Unsent Messages

There are SO many words and things i want to say to you. so many things and at this point i really do not know what you're thinking and i could care less. When everyone asked me what was wrong, I said nothing. I was not gonna drag you to your friend group, but what do you do? as soon as it happens you tell part of the story to make people hate me. and it genuinely just makes me believe that there is no way you ever wanted anything good from us. I know i hurt you but turning around and making someone im still in love with's girlfriend tell her she can't even talk to me ever is kinda bullshit. I'm glad you're the only one whose not allowed to know their emotions. also how many times did i tell you to move on? how many times did i tell you i didn't know and that i was a mess and that you should just leave? how many? and you said you would wait for me? hah yeah right. shit talking will really make me want to be with you.

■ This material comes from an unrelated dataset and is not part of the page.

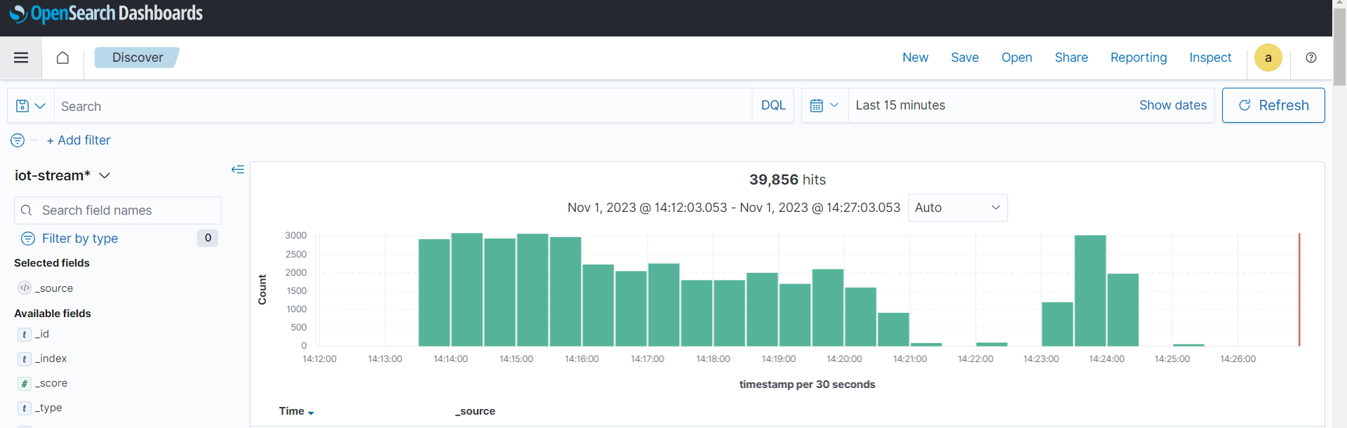 다시 Opensearch > Discover로 이동하여 데이터가 안정적으로 저장되고 있는지 확인합니다.

Im sorry but no. that just enrages me. And now i cant even text her without thinking oh theyre gonna look at her messages and literally yell at her and get mad at her if i text her. Im glad she's already forcing her to stop talking to people. It's been two fucking months. how long did it take you to get over everything? that was my first super intimate relationship. and im not a fucking jumper. i dont just fuck around until i can get my head back on. i guess you wanted me to be dependent on you. thats not how healthy relationships are formed. now i doubt any of this makes sense but i hope you have a good fucking life.